(Assignment):
I'd ask you to write out the lines below exactly, with no images.

(Given data):
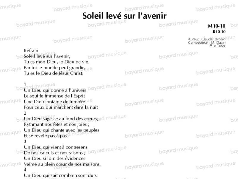 Notre Dieu a un visage unique, avec de multiples facettes. On ne peut le définir ni l\'enfermer et il s\'échappe à toute définition. Tout l\'évangile est contenu dans ce texte qui bouscule les certitudes. Ce chant conviendra bien à des rassemblements exceptionnels et lors de célébrations d\'engagements dans l\'Eglise : Profession de Foi, Confirmation.
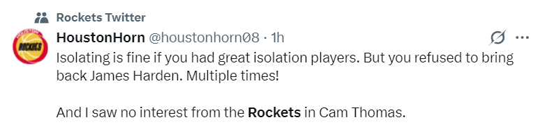 休媒:如果火箭有很多防守出色的球员那么采取这样的战术无可厚非,但如今火箭防守端也并没有太出色。你们还执意拒绝哈登回归甚至不止一次,而且火箭队还对进攻球员卡姆-托马斯不感兴趣。
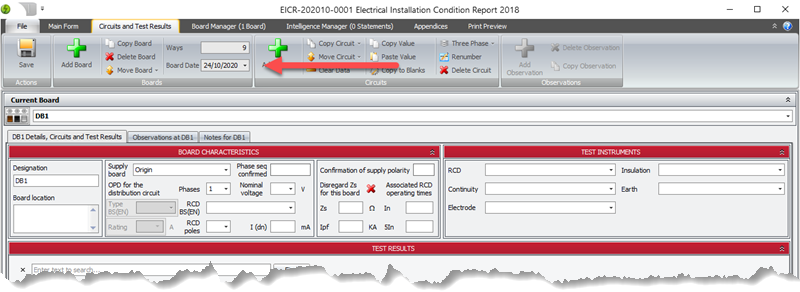 The board date is the date Pirform uses as the inspection date when you add a new boards. Keeping the board date separate from the main date of inspection because it is useful in scenarios such as when you are working on a rolling program of inspections for an installation and reporting in a single certificate.
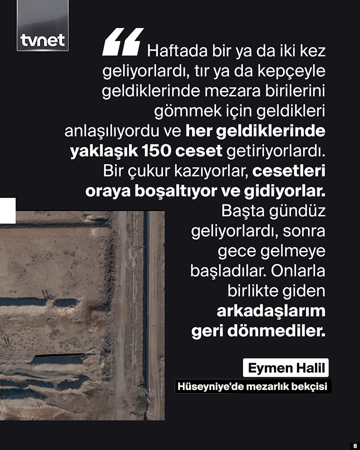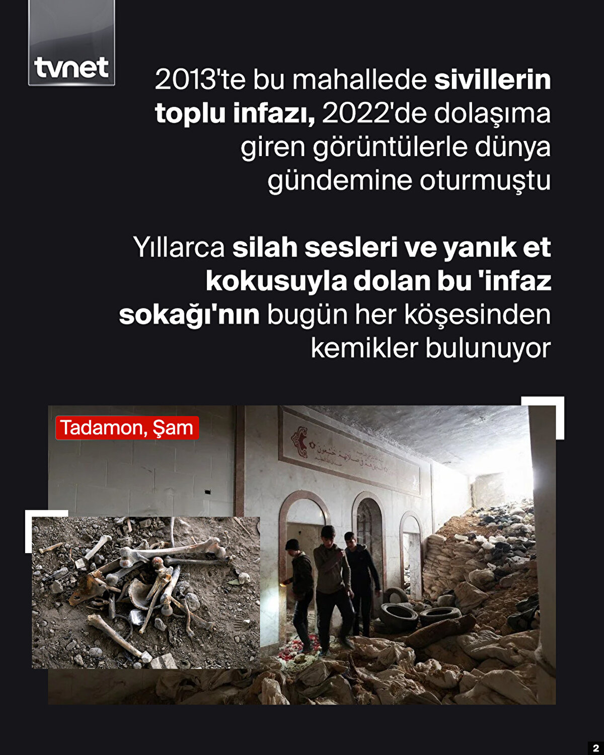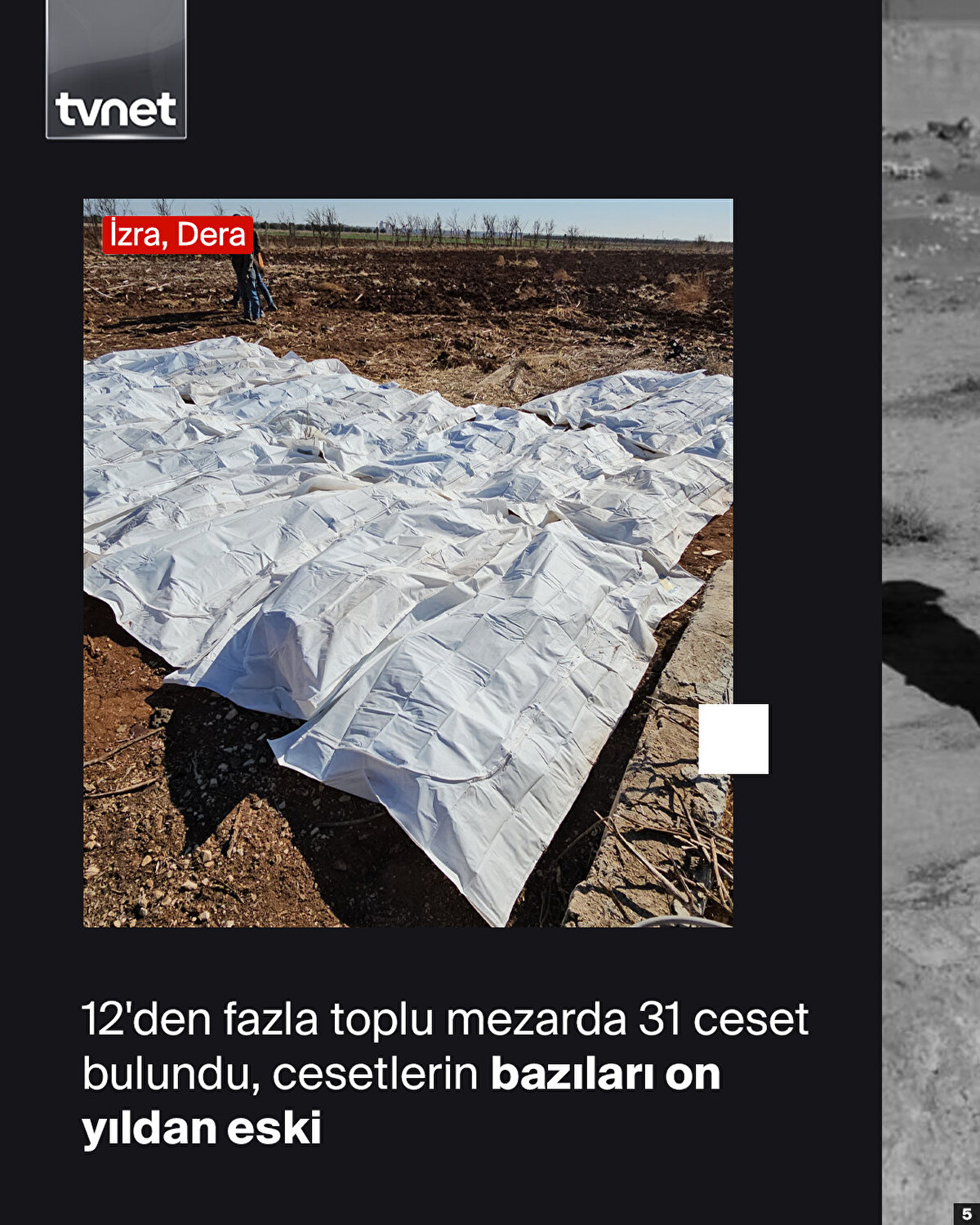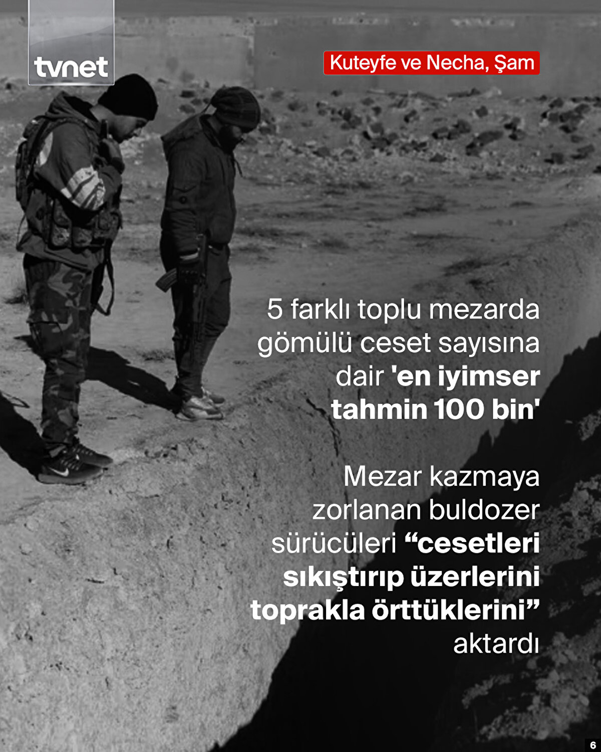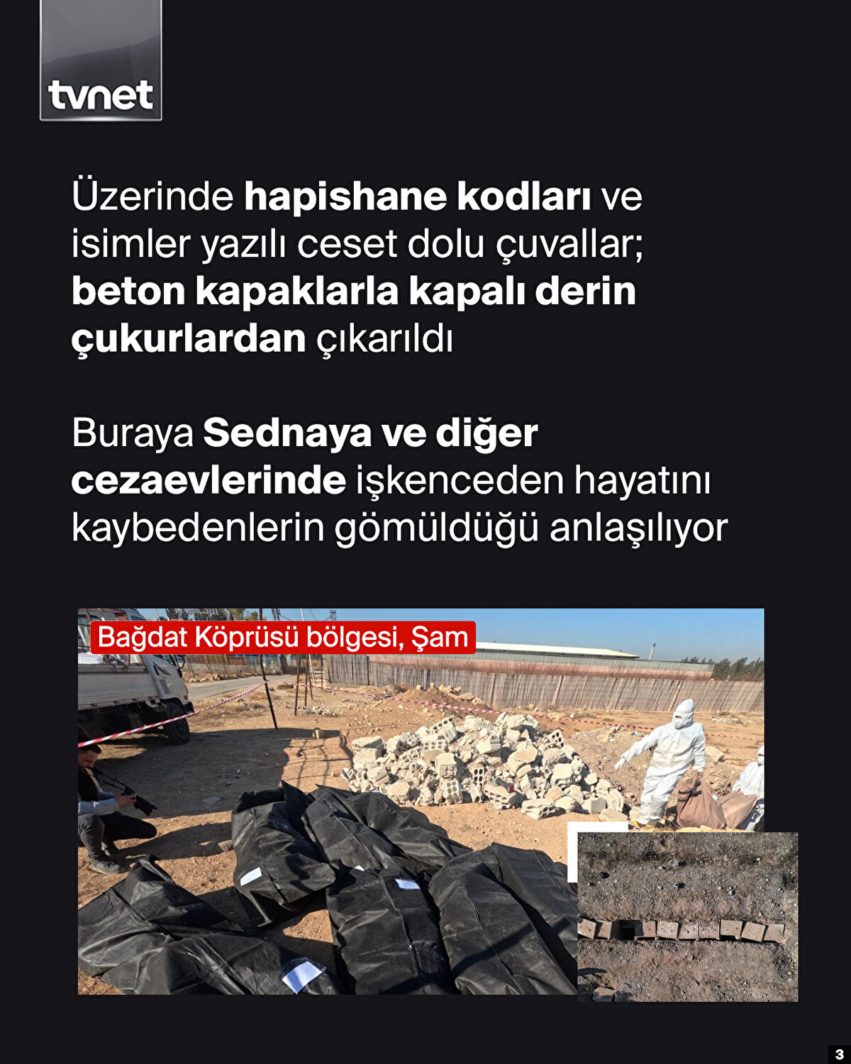 Baas Partisinin 61 yıllık iktidarı sona ererken diktatör Esed de başkentten kaçmıştı. Katil Hafız Esed ve Beşşar Esed'in diktatörlüklerinin kalıntıları ise bugün tek tek gün yüzüne çıkıyor. Ülke genelinde arama tarama faaliyetleri kapsamında toplu mezarlar ortaya çıkarılıyor.

(Answer box):
 Notre Dieu a un visage unique, avec de multiples facettes. On ne peut le définir ni l\'enfermer et il s\'échappe à toute définition. Tout l\'évangile est contenu dans ce texte qui bouscule les certitudes. Ce chant conviendra bien à des rassemblements exceptionnels et lors de célébrations d\'engagements dans l\'Eglise : Profession de Foi, Confirmation.
 休媒:如果火箭有很多防守出色的球员那么采取这样的战术无可厚非,但如今火箭防守端也并没有太出色。你们还执意拒绝哈登回归甚至不止一次,而且火箭队还对进攻球员卡姆-托马斯不感兴趣。
 The board date is the date Pirform uses as the inspection date when you add a new boards. Keeping the board date separate from the main date of inspection because it is useful in scenarios such as when you are working on a rolling program of inspections for an installation and reporting in a single certificate.
 Baas Partisinin 61 yıllık iktidarı sona ererken diktatör Esed de başkentten kaçmıştı. Katil Hafız Esed ve Beşşar Esed'in diktatörlüklerinin kalıntıları ise bugün tek tek gün yüzüne çıkıyor. Ülke genelinde arama tarama faaliyetleri kapsamında toplu mezarlar ortaya çıkarılıyor.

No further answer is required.